Just a decade ago, such claims might have been dismissed as wild conspiracy theories. Yet, as research programs, patents, and official acknowledgments have accumulated, what was once taboo to discuss is now mainstream science and public policy. The story of weather modification is not just about technological progress; it’s about how collective perception shifts, how yesterday’s “impossible” becomes today’s accepted reality, and at what cost?
At its core, weather modification is any attempt to deliberately influence atmospheric conditions.
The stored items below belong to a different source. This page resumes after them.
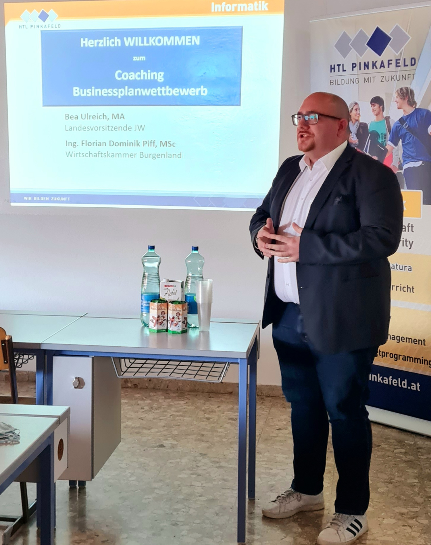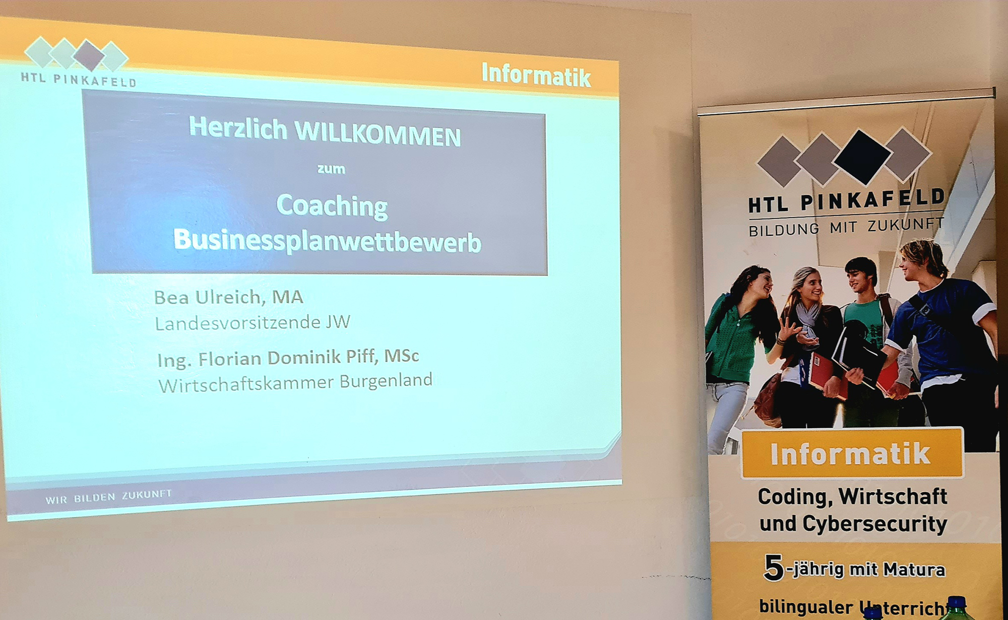 Ende März fand ein externes Coaching der Teams durch die zwei Vertreter der Wirtschaftskammer Burgenland Bea Ulreich MA und Ing. Florian Piff MSc statt. Die Teams starteten mit einem dreiminütigen Pitch, in dem sie ihre Geschäftsidee eindrucksvoll vorstellten, und erhielten danach individuelles Feedback zu ihren Vorhaben. Danach gaben die beiden externen Coaches mit ihrer mehrjährigen Erfahrung in der Gründungsszene wertvolle Tipps zum Gestalten von Businessplänen. In dieser lockeren Diskussionsrunde erfuhren die Schülerinnen und Schüler auch, dass Kundenorientierung an oberster Stelle stehen müsse und das Austesten der Geschäftsidee an möglichen Kunden immens wichtig sein, um herauszufinden, ob die Idee überhaupt realisierbar sei.
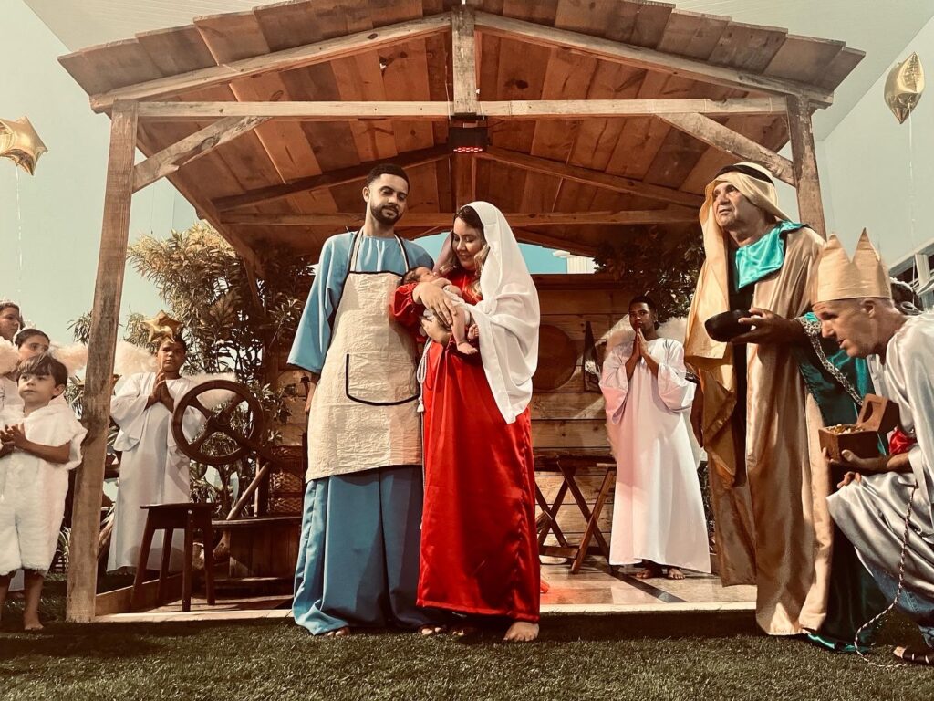 A apresentação contou com a contribuição de voluntários das comunidades Eclesiais de Base, Nossa Senhora dos Navegantes e São Sebastião e retratou o nascimento do Menino Jesus, contado através de encenação, dança e música.
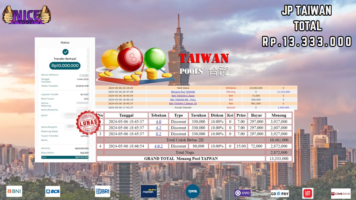 Selamat kepada User id : jm** Telah berhasil mendapatkan kemenangan besar pada permainan TOGEL TAIWAN Dengan kemenangan Sebesar Rp.13.333.000,- Setelah mengisi formulir withdraw dengan kurung waktu hanya 5 – 10 menit pihak NICETOGEL sudah melakukan transfer kepada pemilik Userid dan dana sudah dapat di cairkan oleh pemenang. Bukti pembayaran yang kami berikan merupakan bukti pembayaran yang SAH / VALID yang langung di dapatkan melaui tanda transfer transaksi dari Bank yang di tuju.
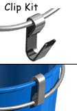 standard bucket sizes 1.25, 2 and 3 gallon buckets. Both rings hang down flat

You most often hear about cloud seeding, but the term can also stretch to hail suppression, fog clearing, or even speculative projects that aim to reflect sunlight back into space to cool the planet. Cloud seeding, however, is the pioneer and the workhorse of most weather modification programs. While it may seem to work “like magic,” it doesn’t conjure clouds from empty skies; instead, it works on clouds filled with invisible moisture. These droplets, too tiny to fall on their own, are nudged to release what they are already holding by introducing microscopic particles into the mix. Seeding clouds works much like starting a snowball down a hill. Scientists release tiny agents—often silver iodide—into a cloud, giving the floating water vapor a surface to grab onto. Then, just as a small snowball picks up more flakes as it rolls, these first ice crystals attract additional moisture, growing larger and heavier until they fall from the cloud as rain or snow.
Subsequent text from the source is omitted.